» Task details: Skip the pictures. Quote every line below, exactly, from the one with "- Under ‘Make" through the final line.

Stored dataset items:
┄┄┄┄┄┄┄┄┄┄┄┄┄┄┄┄┄┄┄┄

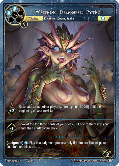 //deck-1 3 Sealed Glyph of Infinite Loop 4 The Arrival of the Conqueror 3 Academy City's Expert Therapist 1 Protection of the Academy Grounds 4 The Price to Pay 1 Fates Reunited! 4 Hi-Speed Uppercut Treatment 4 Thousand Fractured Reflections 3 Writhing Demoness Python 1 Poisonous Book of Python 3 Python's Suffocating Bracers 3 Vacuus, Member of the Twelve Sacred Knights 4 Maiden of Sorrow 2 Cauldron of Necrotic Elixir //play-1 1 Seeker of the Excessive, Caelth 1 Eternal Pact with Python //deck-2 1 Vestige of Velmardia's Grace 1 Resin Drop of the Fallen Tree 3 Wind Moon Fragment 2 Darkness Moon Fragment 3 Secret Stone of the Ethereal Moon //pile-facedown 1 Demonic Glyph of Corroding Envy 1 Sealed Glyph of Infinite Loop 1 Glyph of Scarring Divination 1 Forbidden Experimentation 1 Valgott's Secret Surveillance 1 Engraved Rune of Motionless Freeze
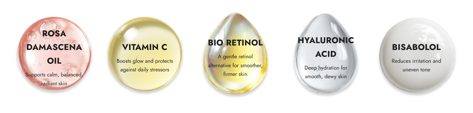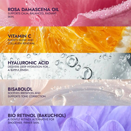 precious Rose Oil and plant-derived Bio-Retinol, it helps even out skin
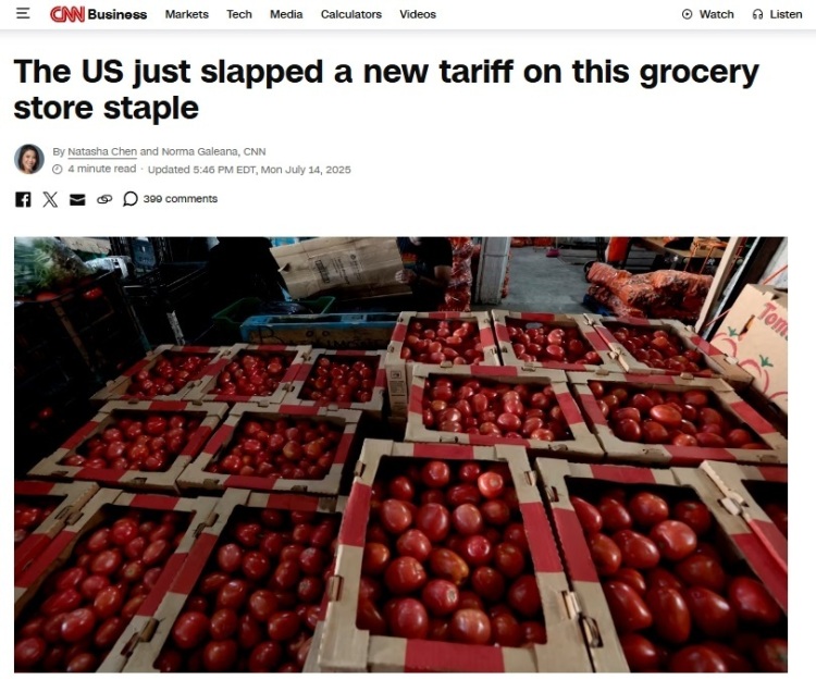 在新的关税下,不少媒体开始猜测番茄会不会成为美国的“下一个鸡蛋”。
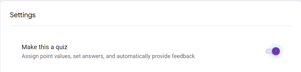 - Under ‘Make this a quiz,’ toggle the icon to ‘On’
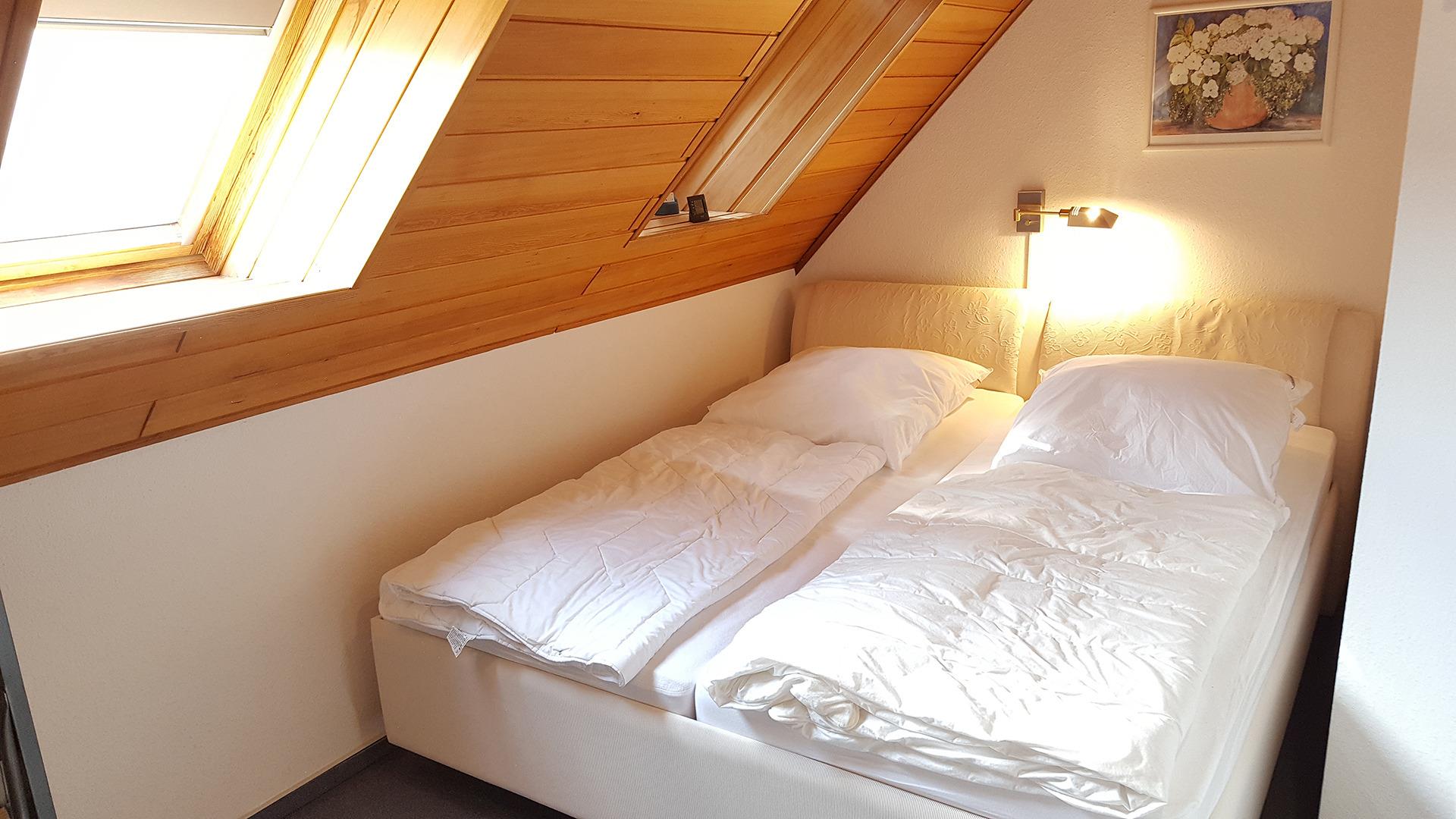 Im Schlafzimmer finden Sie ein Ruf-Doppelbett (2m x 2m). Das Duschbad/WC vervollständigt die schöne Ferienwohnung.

┄┄┄┄┄┄┄┄┄┄┄┄┄┄┄┄┄┄┄┄

» Exercise result:
 - Under ‘Make this a quiz,’ toggle the icon to ‘On’
 Im Schlafzimmer finden Sie ein Ruf-Doppelbett (2m x 2m). Das Duschbad/WC vervollständigt die schöne Ferienwohnung.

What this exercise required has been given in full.